DeWalt DWS520 Track Saw

By Ethan Bickford on Tool Reviews

DeWalt DWS520 Track Saw

DeWalt DWS520 Track Saw Review

Track saws have been around for a while but haven’t seemed to have hit the mainstream yet with many carpenters. But as avid track-saw fans we want to spread the word about these versatile, time-saving tools. We recently had the opportunity to see how the three major players in the track saw market stack up. Here we’re going to concentrate on the DeWalt DWS520 Track Saw.

Value of Track Saws

The beauty of track saws is that you simply line up the track with where you want to cut, and as long as the track is on the finish side of the work piece, the cut will run precisely along the edge of the track, with almost no splintering or tear out. Pre-scoring is only needed in the case of critical cross-cuts or where keeping a clean edge on the waste side is required.
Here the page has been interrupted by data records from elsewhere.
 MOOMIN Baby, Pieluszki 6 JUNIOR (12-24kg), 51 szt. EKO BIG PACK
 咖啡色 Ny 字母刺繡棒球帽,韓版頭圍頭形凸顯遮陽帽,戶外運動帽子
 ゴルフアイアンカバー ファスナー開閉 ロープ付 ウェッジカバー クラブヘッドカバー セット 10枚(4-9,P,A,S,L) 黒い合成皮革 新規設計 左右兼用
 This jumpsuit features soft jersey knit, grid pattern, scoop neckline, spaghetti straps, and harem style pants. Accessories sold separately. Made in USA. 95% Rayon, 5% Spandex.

They are also excellent tools for solo carpenters especially those who don’t like wrestling full 4×8 sheets of ply onto a table saw.
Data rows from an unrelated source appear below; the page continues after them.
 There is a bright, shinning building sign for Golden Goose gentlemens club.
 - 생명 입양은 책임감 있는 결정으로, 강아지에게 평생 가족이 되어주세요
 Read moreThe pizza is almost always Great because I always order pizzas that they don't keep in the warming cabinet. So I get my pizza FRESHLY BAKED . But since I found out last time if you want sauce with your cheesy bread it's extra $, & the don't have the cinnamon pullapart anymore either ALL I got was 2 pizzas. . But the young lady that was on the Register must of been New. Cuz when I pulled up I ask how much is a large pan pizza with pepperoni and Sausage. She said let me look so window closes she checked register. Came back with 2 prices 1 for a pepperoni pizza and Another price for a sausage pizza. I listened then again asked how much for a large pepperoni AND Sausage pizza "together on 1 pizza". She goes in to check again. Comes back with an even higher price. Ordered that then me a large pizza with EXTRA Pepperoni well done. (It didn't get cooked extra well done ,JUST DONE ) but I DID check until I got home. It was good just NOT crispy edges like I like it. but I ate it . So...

 DeWalt DWS520 Track Saw Kit Includes:

  • DWS520 Heavy-Duty TrackSaw
  • 6-1/2″ (20mm arbor size)
  • 48-Tooth Ultra Fine finishing Blade
  • Blade wrench
  • 59″ Track
  • Kit Box

Product Features:

  • Zero clearance TrackSaw cutting system delivers precise, straight, splinter-free cuts
  • For use with TrackSaw dual-edged tracks for perfectly straight cuts in both directions
  • On-track cut depth: 2-1/8” (54mm) @ 90°, 1-5/8″ (41mm) @ 45º;
  • Depth scale accurately indicates exact depth of cut accounting for track thickness
  • 12A, 1300W motor
  • Continuous Anti-Kickback mechanism and riving knife prevent kickback
  • Low profile blade guard for confined spaces
  • Straight Plunge Mechanism for optimal ergonomics
  • Universal 1-1/4″ Dust Port for 90% efficient dust collection with vacuum

DeWalt DWS520 Track Saw  Specs:

  • Power:                                  12 amps, 1300 watts
  • No Load Speed:                  1750 – 4000 rpm
  • Blade Diameter:                 6-1/2 inches (165mm)
  • Bevel Capacity:                   47 degrees
  • Max Cut at 90 degrees:      2-1/8 inches
  • Max Cut at 45 degrees:      1-5/8 inches
  • Tool Weight:                        11.5 pounds

DeWalt DWS520 Track Saw

First impression:

The DeWalt DWS520 is a very solid feeling tool with clean castings and very good fit and finish with excellent ergonomics, arguably the best in our tests. The handle is very comfortable with a lot of over-mold for a nice grip.  DeWalt struck a nice balance here, the handles are big and wide enough for someone with larger hands but not so thick as to pose a problem for someone with smaller hands.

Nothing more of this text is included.